The Thiin-Mah Warriyangka Tharrkari Jiwarli people have had their native title status formally recognised by the Federal Court.
Submitted in 2016, the combined claim covers a determination area of 6,804km² within the shires of Carnarvon, Ashburton and Upper Gascoyne.
The area has a distinct spiritual significance to the group, especially areas that include bodies of water.
This country hosts the water serpent, thalu places, meeting and ritual places, and Indigenous elders’ burial sites.
“Today means everything—Ngurra—Country. It’s been a good journey with the people, we have walked together, and will continue to walk together every step of the way—to see a different world, to see a different future. This is for the past and the present, this is for the children,” said Traditional Owner Ben Roberts.
For thousands of years the Traditional Owners have maintained their connection to land, waters and ancestors on country and have continued to pass down law and culture through each generation.
Hunting is a traditional custom many Thiin-Mah Warriyangka Tharrkari Jiwarli people still participate in.

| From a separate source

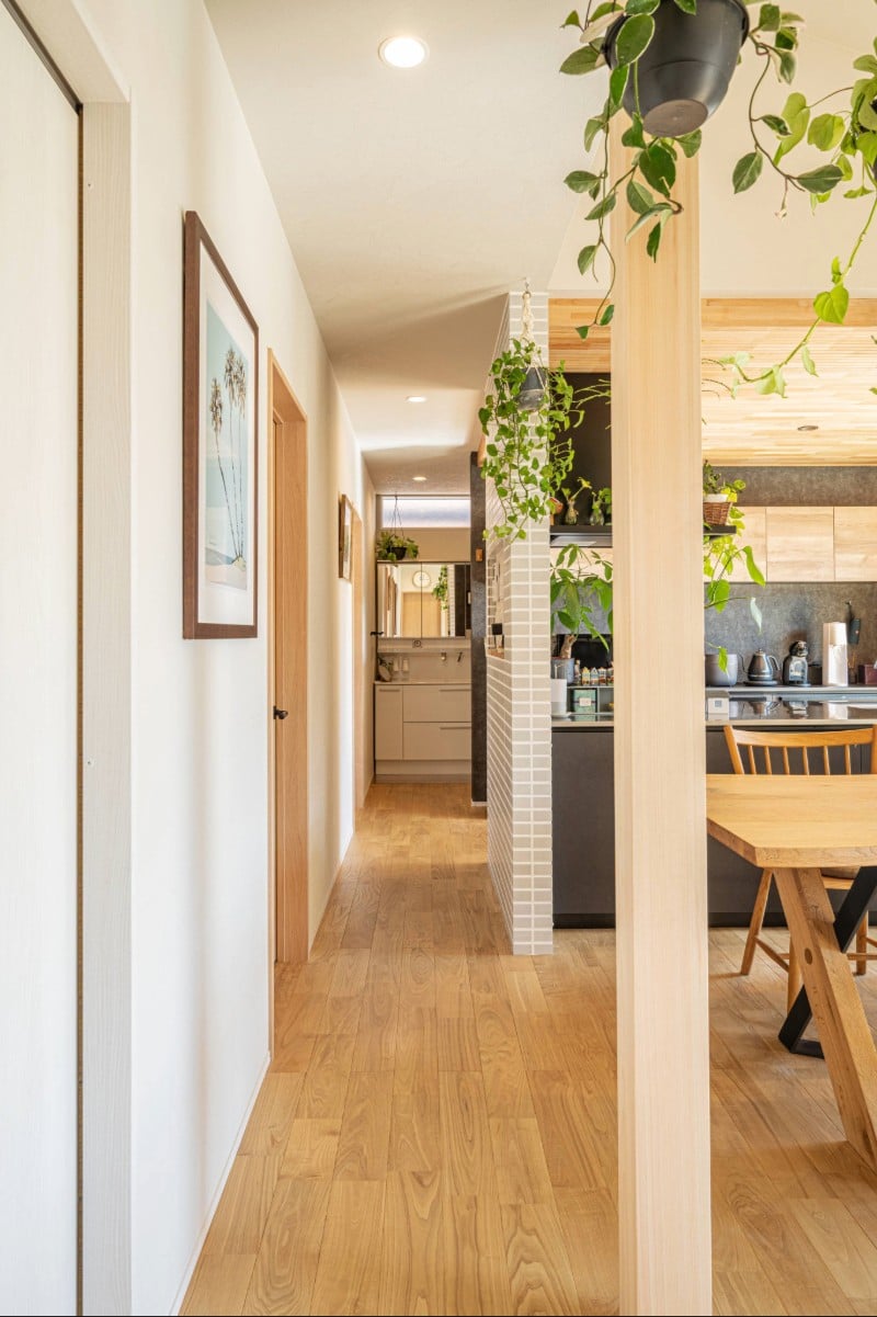 グリーンと無垢材が織りなす癒しの平屋

It allows people to be on country and pass on valuable knowledge to younger generations about how to look after country resources into the future.

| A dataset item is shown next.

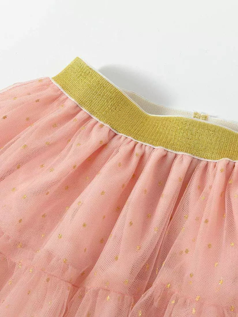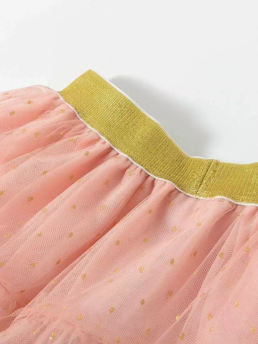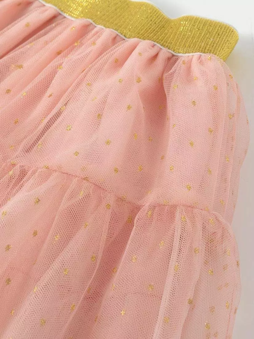 Зустрічайте нову колекцію - колаборація брендів YUMSTER і NEWNESS! Ідеальна спідниця для особливих випадків. Пишна та легка – це втілення стилю, витонченості та неповторності! Деталі моделі: спідниця чорного кольору. Пояс на резинці. Кілька ярусів фатина + непрозорий під’юбник чорного кольору. Декор - напилення золотого та чорного кольору у вигляді дрібного горошку. Розмірний ряд: на зріст від 98 см до 140 смСклад: 100% поліестер

Traditional Owner Herbert Eagles said they can now look forward to a future where they create a legacy for their children and their children’s children.
“We stand on the shoulders of our ancestors, and I know that they would be proud that our connection to country has been honoured today by the Federal Court,” Mr Eagles said.
Yamatji Marlpa Aboriginal Corporation CEO Simon Hawkins congratulated the Thiin-Mah Warriyangka Tharrkari Jiwarli people on collaborating for native title.
“I am reminded today of an analogy I heard from a Traditional Owner, that a single twig is easy to snap, but many sticks bundled together are hard to break. Together you are strong. Your success today comes from the hard work and dedication of your working group,” Mr Hawkins said.
Mr Hawkins said he is looking forward to working with the Thinn-Mah Warriyangka Tharrkari Jiwarli people in future.